I posted on this thread back in January. I have since spent a lot of time with Suno Ai. On Thursday May 29th my Album "My Friend Parky" will be available on 100+ streaming platforms (if you search your favorite site with my name - David Rabinow- you should be able to find it. It is about 40-50% Ai. I'm very proud of the work.
This is going to be long, Bear with me.

I have Parkinson's Disease and for the last year and a half I've been writing songs about Parkinson's. And the abum is definitely targeted at people with experiences with PD. As my diseased has progressed my skills have diminished fairly sharply. Since I'm a guitarist I'm am most concerned with how I play on a recording, but I just can't play the way I used to.

I stumbled onto Ai music while I was starting to record some of the songs. I created a voice clone on Ace Studio from my voice and then altered it to be something that doesn't make me cringe. My plan was to record my singing into Ace Studio and then edit in a very midi like format. Unfortunately Ace Studio seems to have a lot of difficulty with English and the results were awful.

Then I found Udio and Suno. They're pretty similar, but Suno allowed me to use my voice clone. My original plan was to create songs in Suno and then splitting the tracks in one of the many Ai stem splitters on the market and then recreate them in my home studio. But because of my limitations the results weren't very good.

I started using more and more of the Suno stems. In the end most of the drums are from Suno. Drums have always been a major obstacle for me. I've never been able to program or write drums so I have relied on BIAB for drums most of the time. EZ Drummer and Logic Session drummer have never worked for me. Suno's drums are MUCH better than BIAB with one huge exception. The sound quality of the cymbals is awful. But the drums are much better at fills and accents and breaks and al the stuff that you want your drummer to do.

Suno, and all the other Ai music is at an infant stage - actually probably more like a three year old - because it doesn't really do what you want it to do. Typically, I take my lyrics and input them into suno and uploaded an audio clip of me singing the first 30 seconds of the song. I add a bunch of prompts (which take a while to understand) fo Genre, BPM, Time signature, and descriptors for mood. In the lyrics I put in prompts for verse, bridge, chorus, etc. But also performance prompts, i.e., soft voice, harmony, rising intensity, pause, and such. Then I hit create and in about 30 seconds I have two versions of my song. In a few very rare cases, I've gotten what I wanted the first time. Suno doesn't take direction very well. And sometimes I have to run thirty or forty versions before I get what I want.

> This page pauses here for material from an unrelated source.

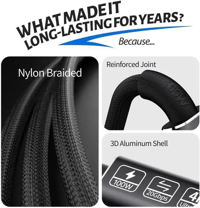 2024 Latest Version usb type c extra long data cable 16.4ft:Here are four reasons to choose the USB C to USB C cable;1:This USB C data transfer cable can meet your ultra-fast data transfer needs. 2: It supports 4K@60Hz HD video output. 3: In addition, the USB C data cable provides super-fast data syncing at a maximum speed of 20Gbps. 4: We hold a product design patent that is exclusively ours, with no other manufacturers having an identical product

But here's the cool part. Sometimes Suno's ideas of how my song should sound is better than my own ideas and opened up new directions. After a couple of weeks I started to think of Suno as being like the guys in my band from a previous lifetime. And then eventually I started to think of Suno as a collaborator.

In the end I was able to cull 11 songs and make the album. A critical listen will expose all the flaws in Ai music. But you won't hear them in a casual listen. When the prompts and lyrics overcome the Suno engine it spits out little artificacts. I have done my best to erase them with Melodyne, but the artifacts are often imbedded in the actual note. I'm pretty sure Izotope Spectral Editor could do the job but that's out of my price range. But for me a lot of the artifacts are there.

As to the ethics of using an engine that is trained on using samples from artists without attribution or renumeration, I have to say that as a blues guitarist I was very good at regurgitating what I learned listening to B. B. King, T-Bone Walker, Buddy guy, Mike Bloomfield and dozens of others. In some circumstances that only appears as influence while at other times I WANT to sound like B. B. King. And, Suno claims to have hired and or payed musicians to train their engine.

As far as Ai being some kind of cheating, I have to disagree. We all use tools to make music. But what if, like me, you don't have the skills to play music, but you have something to say and you want to say it musically. In the early days there will be a lot of awful Ai music and some of it will be on the top of the charts. Eventually I believe that the true talent will rise to the top.

It seems possible to me that the next George Gershwyn or John Lennon could be someone who is disabled in some way but now has the ability to express their genius talent they were born with. I don't love B B King because of his technical skills (although if you look on youtube yo can find some examples of him really shredding), I love him for they way he expresses himself.

And finally, a lot of us are using Ai tools in our music workflow. I use many Izotope products, almost all of them use Ai within their features. I've been using EZMix for years and the latest version uses Ai expensively. Ai is here and it's not going away. You can ignore it for now but eventually you'll have to embrace it. I hope that PG Music is looking at how they can integrate Ai in BIAB. There may be a perfect song creation program that's half BIAB anf half Suno. Who Knows?